*** Begin section ***
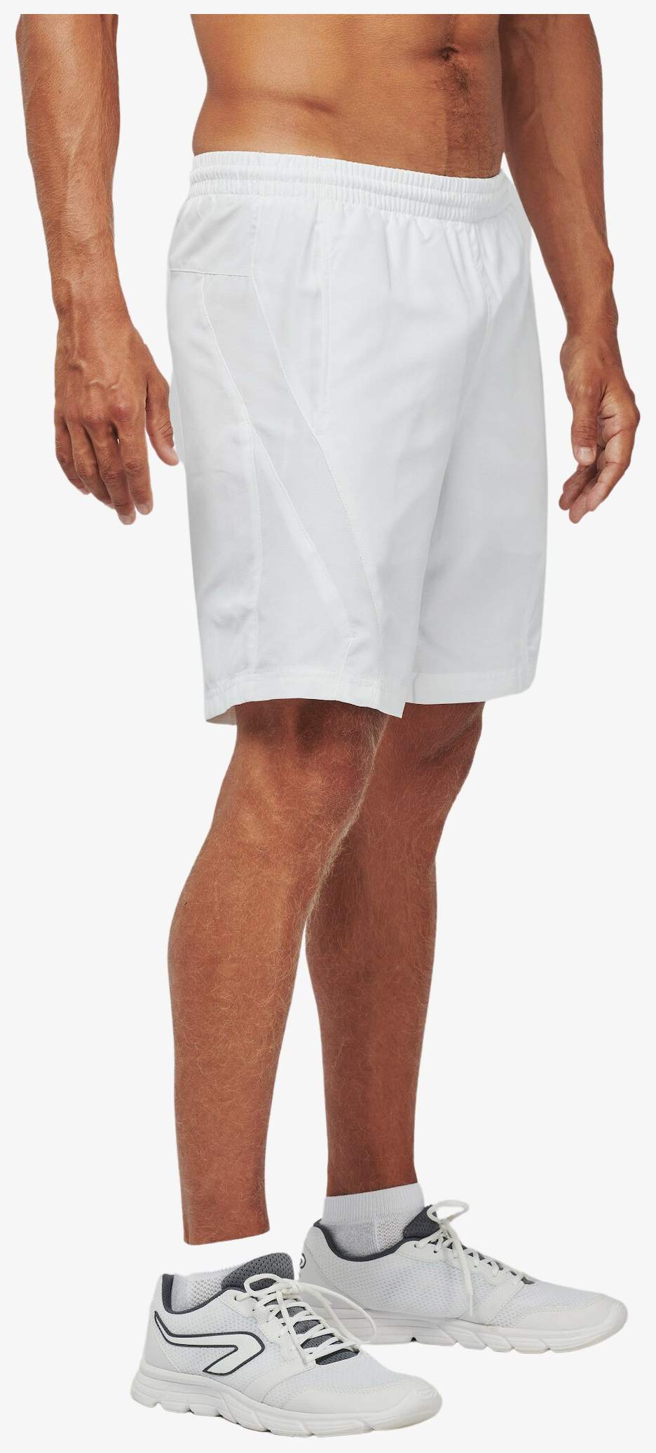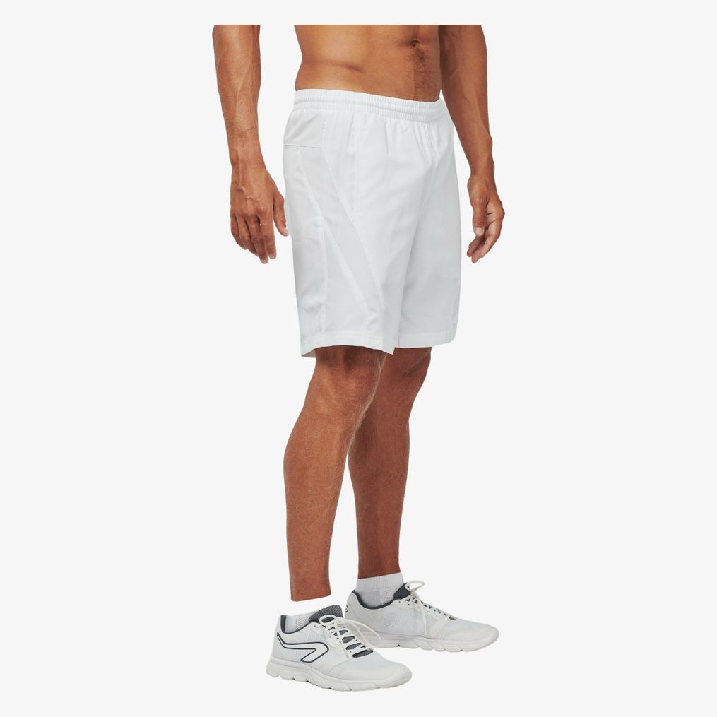 The short sport is made of quick-dry polyester with mesh lining. It has two side pockets and an elastic waistband equipped with a drawstring. The tone-on-tone side cut provides a uniform finish.
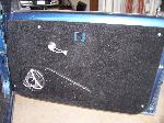 Geo metro buckets, billet window cranks, black door panels with ostrich, blue tweed dash, black carpet, killed and skinned cookie monster for my headliner
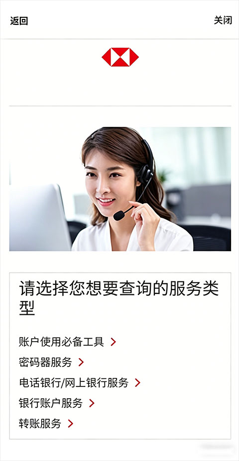 4、服务触手可及:附近银行网点及ATM即时查询,在线客服随时为您服务,更可一键拨打汇丰服务热线。
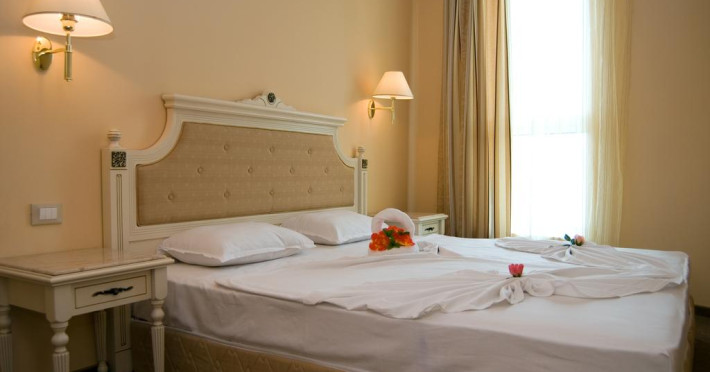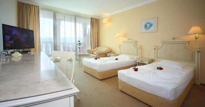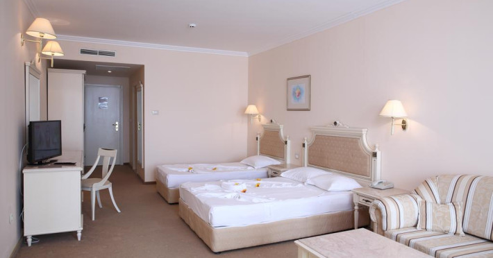 Hotelul este dotat cu restaurant, bar, internet cafe, discoteca, schimb valutar, seif, lift, centru de prim ajutor, inchirieri auto, darts, boccia, aerobic, jacuzzi, sauna, masaj, fitness, salon de infrumusetare, coafor, teren tenis, volei, fotbal, tir cu arcul, loc de joaca pentru copii, gimnastica, animatie, gradinita, piscina pentru adulti, piscina pentru copii, parcare. Pot fi utilizate toate serviciile complexului cu exceptia serviciilor oferite de Hotelul Marina Royal Palace.
*** End section ***
Exercise:
Reproduce the whole listing verbatim. Pictures stay out of the copy.

Response:
 The short sport is made of quick-dry polyester with mesh lining. It has two side pockets and an elastic waistband equipped with a drawstring. The tone-on-tone side cut provides a uniform finish.
 Geo metro buckets, billet window cranks, black door panels with ostrich, blue tweed dash, black carpet, killed and skinned cookie monster for my headliner
 4、服务触手可及:附近银行网点及ATM即时查询,在线客服随时为您服务,更可一键拨打汇丰服务热线。
 Hotelul este dotat cu restaurant, bar, internet cafe, discoteca, schimb valutar, seif, lift, centru de prim ajutor, inchirieri auto, darts, boccia, aerobic, jacuzzi, sauna, masaj, fitness, salon de infrumusetare, coafor, teren tenis, volei, fotbal, tir cu arcul, loc de joaca pentru copii, gimnastica, animatie, gradinita, piscina pentru adulti, piscina pentru copii, parcare. Pot fi utilizate toate serviciile complexului cu exceptia serviciilor oferite de Hotelul Marina Royal Palace.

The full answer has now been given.